Tax Consultant and Attorney, Ali Nakyea and Associates is advising government to deal with the tax exemptions regime as that can open up the tax base and widen the tax net.

This it believes will lead to increase in domestic revenue mobilization.

In a comprehensive review of the tax policies in the 2021 Budget, Ali Nakyea and Associates said capturing of taxpayers in an economy like Ghana does not automatically widen the tax net as many do not comply with tax payment.

“In our economy, capturing of taxpayers does not automatically widen the tax net as most are merely noncompliant taxpayers that the enforcement mechanism has to necessarily catch up with. The key step in widening our tax net is dealing with the tax exemptions regime as that can open up the tax base hence widening the tax net and leading to increased domestic revenue mobilisation.”

The report revealed that “expenditure rationalization is necessary considering the challenges of the procurement system. The value for money approach is thus in order and most welcome for implementation with constant monitoring.”

This year’s budget is anchored on fiscal consolidation, amid the impact of covid-19 on government finances.

Covid-19 levy

And in a bid to contain the coronavirus pandemic, government announced covid-19 levy.
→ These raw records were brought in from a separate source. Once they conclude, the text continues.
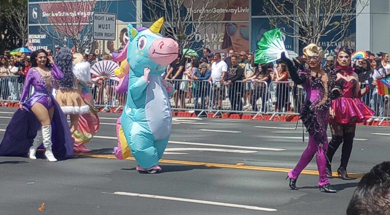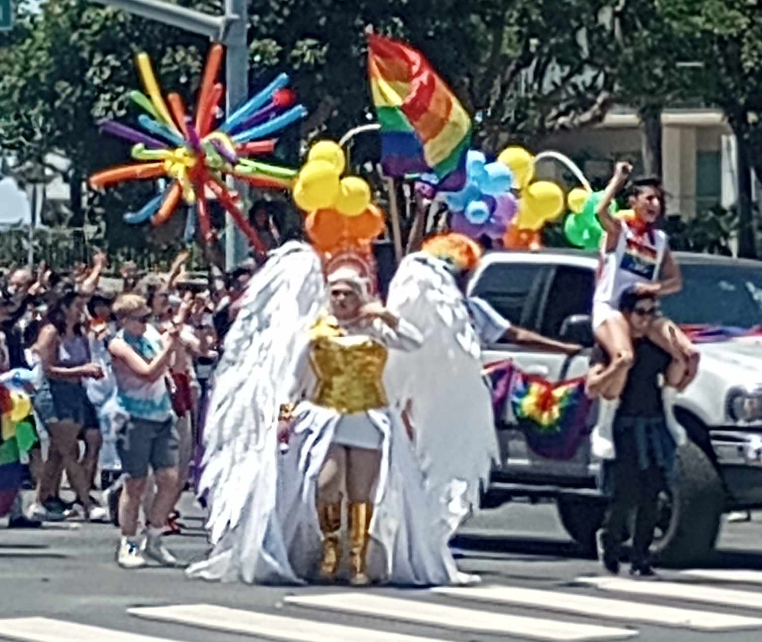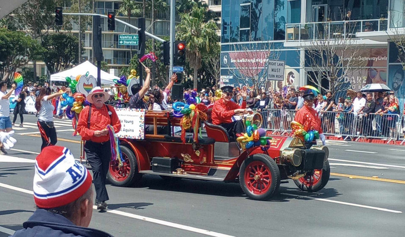 The 41st Pride Parade in Long Beach was generally a joyous occasion. But naturally, amid the party atmosphere was serious subjects like AIDS prevention/treatment, parents supporting their LGBTQ offspring, Planned Parenthood, and sobriety. There was also sponsorship by local businesses such as Hamburger Mary's as well as corporations including Disneyland, Walmart, Boeing, Gelson's, and major banks. But attention was also drawn by to Palestine (apparently by unaffiliated activists). See video at very bottom of article/pix.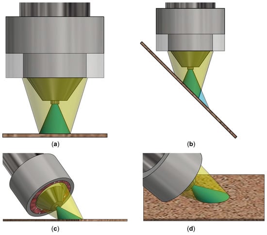 Concept of visualization; Illumination of treatment area using circular aperture for fixed incidence angle (aperture replaceable); (a) circular aperture for perpendicular (0°) and (b) tilted application, (c,d) including different perspectives using tilted device; green: estimated effective plasma zone, yellow: LED-illuminated zone.
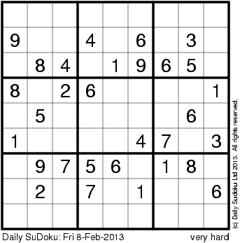 The Daily SuDoku: Fri 8-Feb-2013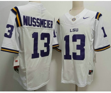 Men's LSU Tigers #13 Garrett Nussmeier White FUSE College Stitched Jersey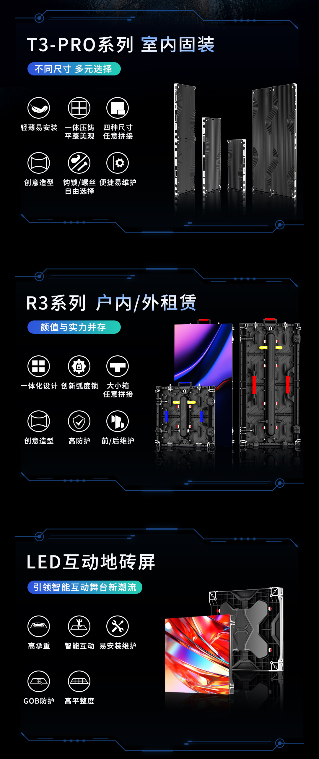聯錦光電的創新力作 T3-PRO 系列室內固裝顯示屏,支持四種尺寸隨心拼接,以百變造型靈活應對多樣化場景需求。R3 系列戶內外租賃屏同樣造型豐富,輕松適配各類活動,其輕量化設計不僅便于搬運,還大幅削減運輸成本與人力投入,為客戶呈獻高效、靈活且優質的顯示方案。此外,LED 互動地磚屏、LED 廣告機等一系列產品,在優化性能、降低成本的同時,為客戶打造出更高效、環保、智能的解決方案,成功引領LED顯示行業技術潮流,推動行業發展邁向新高度。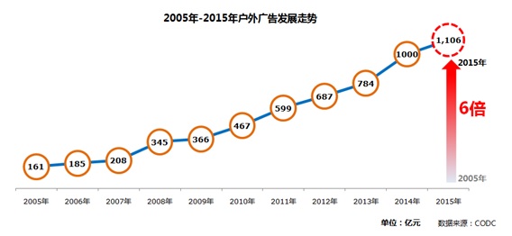 從2005年至2015年,戶外廣告走過了又一個(gè)風(fēng)雨十年,隨著經(jīng)濟(jì)、科技的飛速發(fā)展,現(xiàn)今廣告的投放理念與媒體形式都發(fā)生了巨大變化,投放量增長(zhǎng)已是十年前的六倍。

The tax firm believes the levy will surely have an impact on businesses.

“This is surely going to have an impact on businesses since the NHIL is going to increase from 2.5% to 3.5%, and the VAT Flat Rate from 3% to 4%. The severity of the impact is the fact that the two are not recover[1]able by the taxpayer as a deduction from output VAT as was the case under the VAT credit system, hence the tendency to pass it on to consumers by way of an increase in prices.”

“The recommendation we offer is this, if these increases should remain and have less impact on businesses and price levels for consumers, then it is prudent to make the NHIL together with GETFund Levy recoverable as they used to be under the credit system”, it pointed out.
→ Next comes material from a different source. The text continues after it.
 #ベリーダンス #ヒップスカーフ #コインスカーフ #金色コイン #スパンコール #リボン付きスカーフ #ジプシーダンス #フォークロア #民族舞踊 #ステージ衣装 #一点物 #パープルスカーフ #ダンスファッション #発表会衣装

Energy Sector Recovery Levy

On the Energy Sector Recovery Levy, it said together with the Special Petroleum Tax are necessary to help address the energy debt and revive the economy.

However, is noted that “the question is whether we can hold on to it this time around and not succumb to pressures from the impact, as it is a necessary levy and tax for the revival of the economy”.

Financial Sector Levy

Due to the financial sector clean-up, government spent about GH¢21 billion to clean the sector.

This compelled it to introduce a 5.0% profit before tax on banks earnings.

But Ali-Nakyea and Associates says the banks are already overburden with the 5.0% Fiscal Stabilization Levy.

Other tax measures

Regarding other revenue measures, it welcomed the increases in road tolls and the gaming policy, saying, it is long overdue.

On road tolls, it said “this is another welcome policy as reviews are necessary. The only concern is the application of the revenue raised for their intended purposes as it is surprising to see the road just before and right after some toll booths being the worse segment of some roads. There is thus the need for proper monitoring and accountability of revenue raised and expended in this area”.

Regarding gaming policy, it said it is also another area the nation’s digitalisation agenda should cover to ensure tracking and tracing of online betting, among others.

However, the Ghana Revenue Authority unit handling the taxing of the digital economy needs to be involved in the policy planning, design and implementation

It also welcomed the various tax rebates in this pandemic period.

They included provision of a rebate of 30 percent on the income tax due for companies in hotels and restaurants, education, arts & entertainment, and travel and tours for the second, third and fourth quarters of 2021 and the suspension of quarterly income tax instalment payments for the second, third and fourth quarters of 2021 for small businesses using the income tax stamp system.